Is passed to the data / process collation unit 26, and it is determined whether or not it is a replacement target.

【００６０】次に、データ・処理照合部２６の処理につ
いて、図６を参照して説明する。データ・処理照合部２
６は、オペランド解析部２４から渡されたオペランドを
語に分割し、データ照合部２３がパラメータ３として与
えられた被置換文字列と同様に構文解析する。次に、オ
ペランドの先頭の語のハッシュ値を求め、データ定義の
辞書２１上で、そのハッシュ値で表される名標を持つデ
ータの定義を次々と走査し、先頭の語と一致するデータ
名のデータを仮に確定する。Next, the processing of the data / processing collating section 26 will be described with reference to FIG. Data / process collation unit 2
6 divides the operand transferred from the operand analyzer 2 4 the word, the data comparison unit 23 is similarly parsed and the replaced character string given as the parameter 3. Next, the hash value of the first word of the operand is obtained, the definitions of the data having the name tag represented by the hash value are sequentially scanned on the data definition dictionary 21, and the data name that matches the first word The data of is temporarily confirmed.

【００６１】例えば、オペランドの最初の語が“あ”の
場合は、“あ”と同じハッシュ値のデータを参照するポ
インタを次々に辿って行き、データ名との照合処理を行
い、“あ”というデータ名を持つデータを仮に確定す
る。For example, when the first word of the operand is "A", pointers that refer to the data of the same hash value as "A" are traced one after another, and the collation process with the data name is performed to obtain "A". The data having the data name of is temporarily determined.

【００６２】その後、データ・処理照合部２６は、オペ
ランドの記述内容に階層構造の表現がある場合は、この
階層構造とデータ定義の辞書２１上での階層構造とが一
致しているか否かの照合処理を行う。Thereafter, if the description content of the operand has a hierarchical structure expression, the data / process matching unit 26 determines whether this hierarchical structure matches the hierarchical structure in the data definition dictionary 21. Perform matching processing.

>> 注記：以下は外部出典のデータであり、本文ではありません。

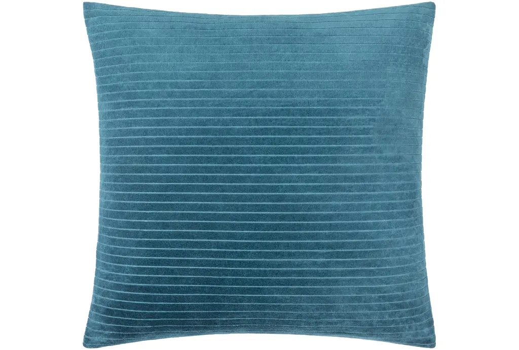 20" X 20" Deep Teal Cotton Velvet Stripes Down Fill Accent Pillow By Surya | Machine Washable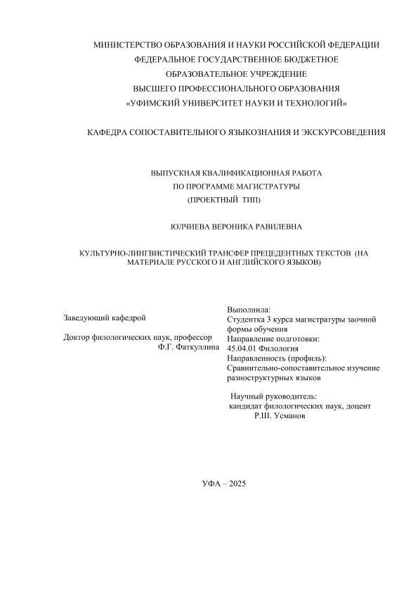 ВКР; магистратура; прецедентные тексты; туристический дискурс; экскурсионные тексты; английский язык; русский язык; лингвопереводческие особенности

【００６３】例えば、オペランドが“あ OF さ”となっ
ている場合、“あ”の上位データとして“さ”が存在す
るかどうかは、データ定義の辞書２１上で、階層構造を
参照するポインタを“あ”を示すデータ名から上位に辿
って行き、各層におけるデータ名と、“あ”を示すデー
タ名との照合処理により実施される。そして、“あ”を
示すデータ名の上位に“さ”を示すデータ名が存在する
場合には、そのデータ名は置換対象である、ということ
が確定される。For example, when the operand is “A OF SA”, whether or not “SA” exists as higher data of “A” is determined by referring to the pointer for referencing the hierarchical structure in the data definition dictionary 21. The data name indicating “a” is traced to the upper level, and the comparison is performed by comparing the data name in each layer with the data name indicating “a”. Then, when a data name indicating "sa" exists above the data name indicating "a", it is determined that the data name is a replacement target.

【００６４】このように、オペランドを示す文字列を、
文字列全体で一度に照合せずに「語」毎にデータ定義の
辞書２１と照合することにより、例えば“あ△OF△さ”
と“あ△△OF△さ”の二つの記述（△を空白文字とす
る）の様に、“あ”と“OF”の間の空白文字の数が記述
箇所によって異なるような場合であっても、構文的なチ
ェックの結果、同じデータ名を示す記述である、という
ことを判断することができる。Thus, the character string indicating the operand is
By collating the entire character string with the data definition dictionary 21 for each "word" without collating at once, for example, "a △ OF △ SA"
In the case where the number of blank characters between “A” and “OF” is different depending on the description, like the two descriptions of “A” and “A △△ OF △ SA” (△ is a blank character). Also, as a result of the syntactical check, it is possible to determine that the descriptions have the same data name.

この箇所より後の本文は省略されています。